LUCENE-6780: BKDDistanceQuery must take min/maxLon/Lat into account in hashCode and equals else we get illegal collisions in caching

asfimport commented 9 years ago

ASF subversion and git services (migrated from JIRA)

Commit 1703792 from @mikemccand in branch 'dev/branches/lucene6780' https://svn.apache.org/r1703792

LUCENE-6780: make tests more evil

asfimport commented 9 years ago

ASF subversion and git services (migrated from JIRA)

Commit 1703793 from @mikemccand in branch 'dev/branches/lucene6780' https://svn.apache.org/r1703793

LUCENE-6780: code style / nocommits

asfimport commented 9 years ago

ASF subversion and git services (migrated from JIRA)

Commit 1703794 from @mikemccand in branch 'dev/branches/lucene6780' https://svn.apache.org/r1703794

LUCENE-6780: remove log line

asfimport commented 9 years ago

Michael McCandless (@mikemccand) (migrated from JIRA)

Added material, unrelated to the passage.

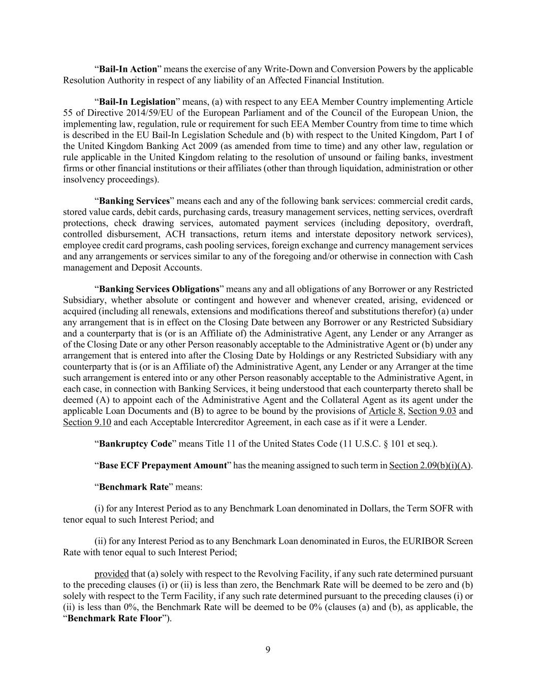 9 “Bail-In Action” means the exercise of any Write-Down and Conversion Powers by the applicable Resolution Authority in respect of any liability of an Affected Financial Institution. “Bail-In Legislation” means, (a) with respect to any EEA Member Country implementing Article 55 of Directive 2014/59/EU of the European Parliament and of the Council of the European Union, the implementing law, regulation, rule or requirement for such EEA Member Country from time to time which is described in the EU Bail-In Legislation Schedule and (b) with respect to the United Kingdom, Part I of the United Kingdom Banking Act 2009 (as amended from time to time) and any other law, regulation or rule applicable in the United Kingdom relating to the resolution of unsound or failing banks, investment firms or other financial institutions or their affiliates (other than through liquidation, administration or other insolvency proceedings). “Banking Services” means each and any of the following bank services: commercial credit cards, stored value cards, debit cards, purchasing cards, treasury management services, netting services, overdraft protections, check drawing services, automated payment services (including depository, overdraft, controlled disbursement, ACH transactions, return items and interstate depository network services), employee credit card programs, cash pooling services, foreign exchange and currency management services and any arrangements or services similar to any of the foregoing and/or otherwise in connection with Cash management and Deposit Accounts. “Banking Services Obligations” means any and all obligations of any Borrower or any Restricted Subsidiary, whether absolute or contingent and however and whenever created, arising, evidenced or acquired (including all renewals, extensions and modifications thereof and substitutions therefor) (a) under any arrangement that is in effect on the Closing Date between any Borrower or any Restricted Subsidiary and a counterparty that is (or is an Affiliate of) the Administrative Agent, any Lender or any Arranger as of the Closing Date or any other Person reasonably acceptable to the Administrative Agent or (b) under any arrangement that is entered into after the Closing Date by Holdings or any Restricted Subsidiary with any counterparty that is (or is an Affiliate of) the Administrative Agent, any Lender or any Arranger at the time such arrangement is entered into or any other Person reasonably acceptable to the Administrative Agent, in each case, in connection with Banking Services, it being understood that each counterparty thereto shall be deemed (A) to appoint each of the Administrative Agent and the Collateral Agent as its agent under the applicable Loan Documents and (B) to agree to be bound by the provisions of Article 8, Section 9.03 and Section 9.10 and each Acceptable Intercreditor Agreement, in each case as if it were a Lender. “Bankruptcy Code” means Title 11 of the United States Code (11 U.S.C. § 101 et seq.). “Base ECF Prepayment Amount” has the meaning assigned to such term in Section 2.09(b)(i)(A). “Benchmark Rate” means: (i) for any Interest Period as to any Benchmark Loan denominated in Dollars, the Term SOFR with tenor equal to such Interest Period; and (ii) for any Interest Period as to any Benchmark Loan denominated in Euros, the EURIBOR Screen Rate with tenor equal to such Interest Period; provided that (a) solely with respect to the Revolving Facility, if any such rate determined pursuant to the preceding clauses (i) or (ii) is less than zero, the Benchmark Rate will be deemed to be zero and (b) solely with respect to the Term Facility, if any such rate determined pursuant to the preceding clauses (i) or (ii) is less than 0%, the Benchmark Rate will be deemed to be 0% (clauses (a) and (b), as applicable, the “Benchmark Rate Floor”).

I'm still struggling to get BKDDistanceQuery working here, even with the good GeoUtil fixes on this branch.

So I switched back to making the GeoUtilsTest more evil:

First, I noticed that TestGeoUtils was always using a tiny lat/lon area (1-3 degrees) and fixed that to sometimes be the full range, and then I improved the "self consistency" test (TestGeoUtils.testGeoRelations) to stress the GeoUtils APIs like BKD does, and now there are some fun failures, e.g.:

   [junit4]   2> NOTE: reproduce with: ant test  -Dtestcase=TestGeoUtils -Dtests.method=testGeoRelations -Dtests.seed=48F4A913CBA1095 -Dtests.slow=true -Dtests.linedocsfile=/lucenedata/hudson.enwiki.random.lines.txt.fixed -Dtests.locale=es_NI -Dtests.timezone=America/Argentina/Salta -Dtests.asserts=true -Dtests.file.encoding=UTF-8
   [junit4] FAILURE 0.14s | TestGeoUtils.testGeoRelations <<<
   [junit4]    > Throwable #1: java.lang.AssertionError: 243 incorrect hits (see above)
   [junit4]    >    at __randomizedtesting.SeedInfo.seed([48F4A913CBA1095:C6AC5E24484D662B]:0)
   [junit4]    >    at org.apache.lucene.util.TestGeoUtils.testGeoRelations(TestGeoUtils.java:509)
   [junit4]    >    at java.lang.Thread.run(Thread.java:745)

If you run with -Dtests.verbose=true you see lots of diagnostics explaining which GeoUtils API went wrong... in this case, GeoUtils.rectWithinCircle returned true when it should have returned false. Now I need @nknize's help!

asfimport commented 9 years ago

Michael McCandless (@mikemccand) (migrated from JIRA)

Also, the failures all seem related to using a big lon/lat area: if I hardwire the useSmallRanges to true, the test seems to pass for quite a while under beasting ...

asfimport commented 9 years ago

ASF subversion and git services (migrated from JIRA)

Commit 1703876 from @mikemccand in branch 'dev/branches/lucene6780' https://svn.apache.org/r1703876

LUCENE-6780: remove dup code, cleanup nocommits

asfimport commented 9 years ago

ASF subversion and git services (migrated from JIRA)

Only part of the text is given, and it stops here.